[Stored data]
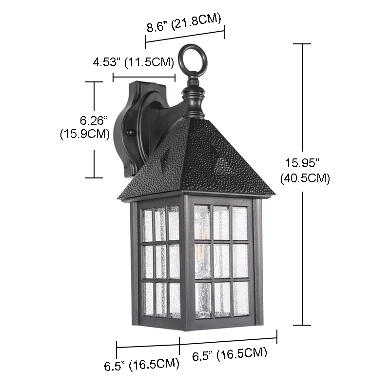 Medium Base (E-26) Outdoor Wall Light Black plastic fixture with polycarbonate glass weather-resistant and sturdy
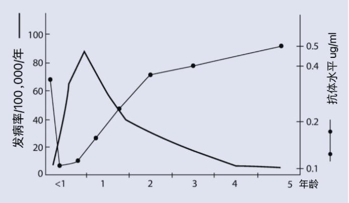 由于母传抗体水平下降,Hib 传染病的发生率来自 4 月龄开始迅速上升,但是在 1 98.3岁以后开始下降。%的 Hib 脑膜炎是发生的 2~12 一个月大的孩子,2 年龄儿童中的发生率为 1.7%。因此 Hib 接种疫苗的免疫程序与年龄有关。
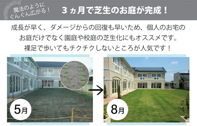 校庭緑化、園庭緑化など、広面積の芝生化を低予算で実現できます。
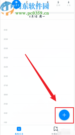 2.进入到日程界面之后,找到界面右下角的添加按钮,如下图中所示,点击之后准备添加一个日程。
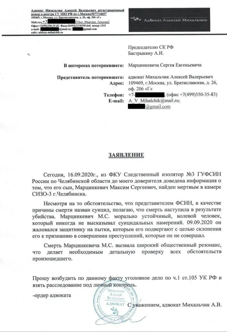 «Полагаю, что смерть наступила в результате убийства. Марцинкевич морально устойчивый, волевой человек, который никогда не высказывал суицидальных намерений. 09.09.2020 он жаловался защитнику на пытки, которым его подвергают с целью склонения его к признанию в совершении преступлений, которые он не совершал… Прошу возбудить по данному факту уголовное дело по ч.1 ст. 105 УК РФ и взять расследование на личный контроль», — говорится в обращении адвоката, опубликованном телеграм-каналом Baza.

- **Exercise objective**:
Print only the lines from the line that contains "2.进入到日程界面之后,找到" to the final line of the data, inclusive. Pictures stay out.

- **Written response**:
 2.进入到日程界面之后,找到界面右下角的添加按钮,如下图中所示,点击之后准备添加一个日程。
 «Полагаю, что смерть наступила в результате убийства. Марцинкевич морально устойчивый, волевой человек, который никогда не высказывал суицидальных намерений. 09.09.2020 он жаловался защитнику на пытки, которым его подвергают с целью склонения его к признанию в совершении преступлений, которые он не совершал… Прошу возбудить по данному факту уголовное дело по ч.1 ст. 105 УК РФ и взять расследование на личный контроль», — говорится в обращении адвоката, опубликованном телеграм-каналом Baza.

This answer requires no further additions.